WASHINGTON: Pakistan is gradually reducing its dependence on American military technology and China is filling the gap, says a Financial Times report, which also warns that this shift will have geo-political repercussions as well.
The long, almost 2,000-word report notes that the shift started in the last few months of the Obama administration, when Congress blocked the sale of eight F-16 fighter jets to Pakistan.
In Islamabad, this move was seen as a confirmation of Pakistan's fear that the United States "could no longer be relied on as their armed forces' primary source of advanced weapons", the report adds.
The shift started in the last few months of Obama administration, when Congress blocked sale of eight F-16s to Islamabad
So, Pakistan shifted its focus from F-16s to the JF-17 fighter jets it is developing with China, and which is catching up with the F-16 in terms of capabilities.
The ban accelerated Pakistan's efforts to shift its "military procurement away from American-made weapons towards Chinese ones, or those made domestically with Chinese support.
The report also quotes data from the Stockholm International Peace Research Institute, showing that since 2010, US weapons exports to Pakistan have plummeted from $1 billion to just $21 million last year. During the same period, those from China have also fallen, but much more slowly, from $747m to $514m, making China the biggest weapons exporter to Pakistan.
"The shift coincided with Islamabad's growing suspicion about the closeness between the US and India, but was accelerated by the killing of Al Qaeda leader Osama bin Laden on Pakistani soil in 2011, which badly damaged relations with the US," the report added.
US President Donald Trump's decision to suspend $2bn of military aid to Pakistan -- announced in January -- further exacerbated the situation.
Identifying one immediate impact of the move, the FT noted that US officials were "now finding that Islamabad is less responsive than usual" to their requests for support in Afghanistan.
Harrison Akins, a research fellow at the Howard H Baker Jr Centre for Public Policy at the University of Tennessee, told FT: "The Trump administration's decision ... can only push Pakistan further into the arms of Beijing -- especially with Pakistan's shift from US military supplies to Chinese military supplies."

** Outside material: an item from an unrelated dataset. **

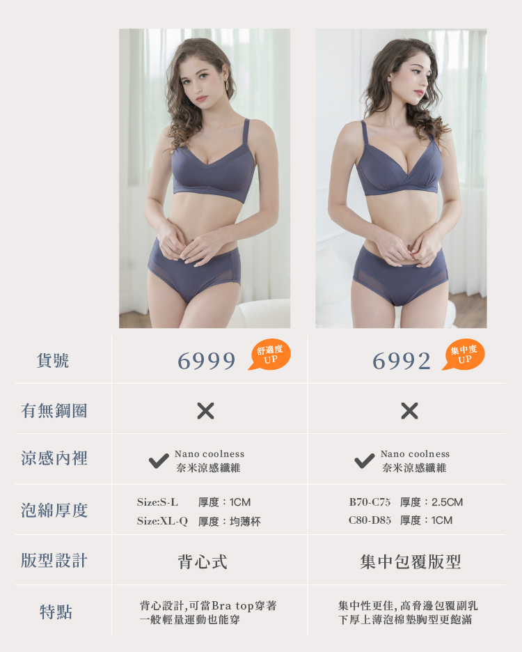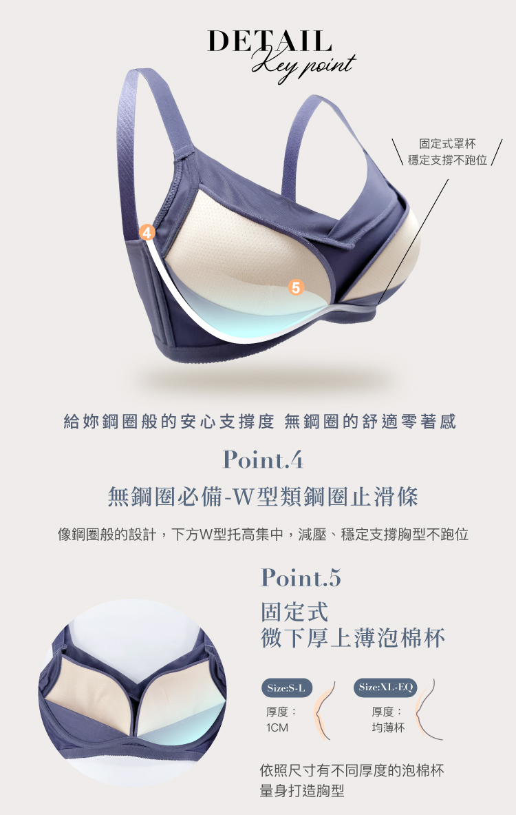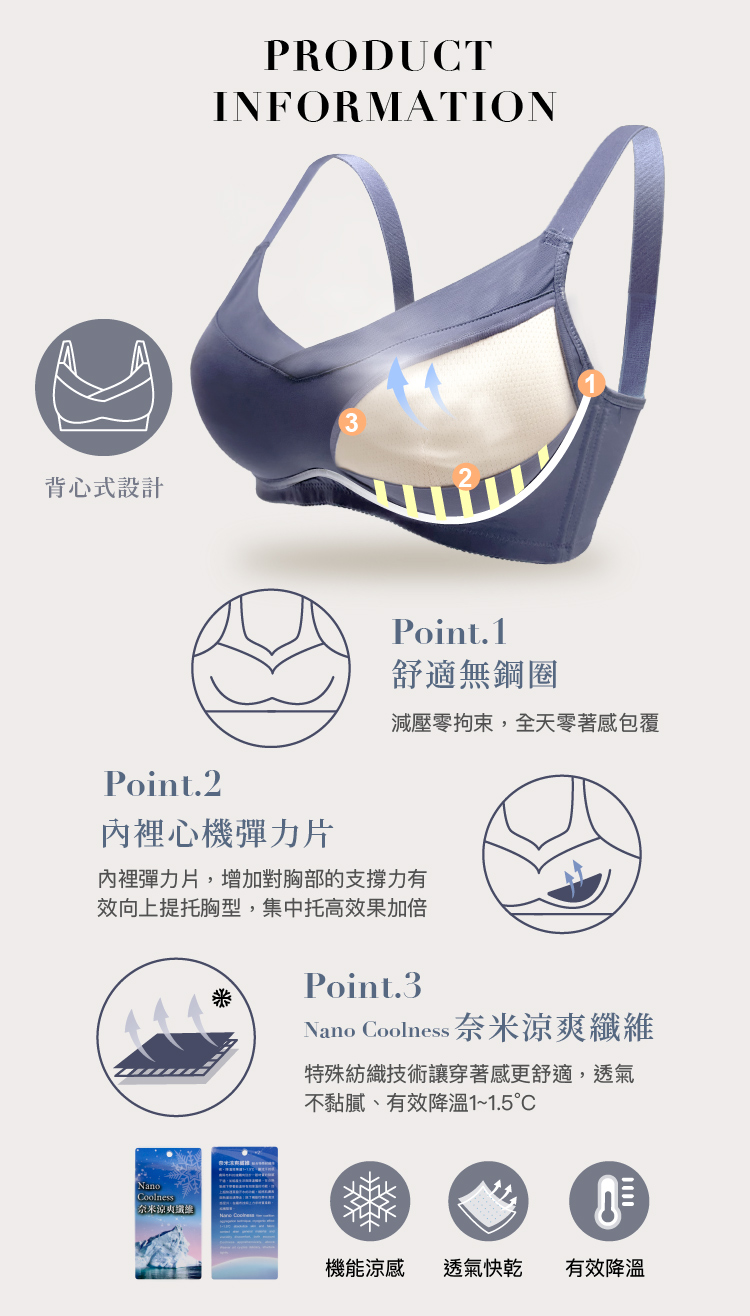 【可蘭霓Clany】台灣製慵懶自在 涼感包覆無鋼圈S-3XL內衣 深灰 6999-62

The report also identified longer-term consequences of this development, noting that sales of weapons systems, often backed by preferential financial terms, were central to the way the US managed its network of military alliances and partnerships. But many of those countries were now buying some of that hardware from other governments, particularly China.
The Financial Times noted that Pakistan has been buying from Beijing for decades, starting after the US placed an arms embargo on it in the wake of the 1965 war with India. "After that, every time Islamabad has suffered diplomatic problems with Washington supplies of Chinese weapons have risen," it added.
In the 1980s and 1990s, Beijing provided supplies and technical knowledge to help Pakistan develop its nuclear weapons, and in the early 1990s shocked Washington by selling its neighbour more than 30 M-11 missiles, capable of carrying nuclear warheads.
The report also noted that in the past decade, the nature of the military relationship between China and Pakistan had changed. China was now selling the "high-end systems in which the US once specialised to Pakistan's military, and is co-developing many others".
Jon Grevatt, an analyst at the defence research company Jane's IHS Markit, told FT that in the last decade, China collaborated much more expansively with Pakistan. Since 2010, China has provided A-100 rocket launchers and HQ-16 air defence missile systems to Pakistan while VT-4 tanks were now being tested in Pakistan.
The report, however, focused on three weapons systems that encapsulate the new Chinese capabilities, and threaten US influence in South Asia.
The first is the JF-17 fighter aircraft.
In 2007, Pakistan flew its first two JF-17s, which cost about a third of the price paid for an F-16. Later, China also shared the designs so the Pakistan's armed forces can build their own, and even export them.
In 2015, Pakistan used a drone to attack militants near the Afghan border, which strongly resembled a Chinese design.
In October 2016, just a month after the US refused to subsidise new F-16s, Beijing agreed to sell eight attack submarines to Pakistan for about $5bn -- the biggest single arms export deal in the country's history.
The report noted that submarines deal came at a time when Washington was relying on India to provide a bulwark against perceived Chinese maritime expansionism.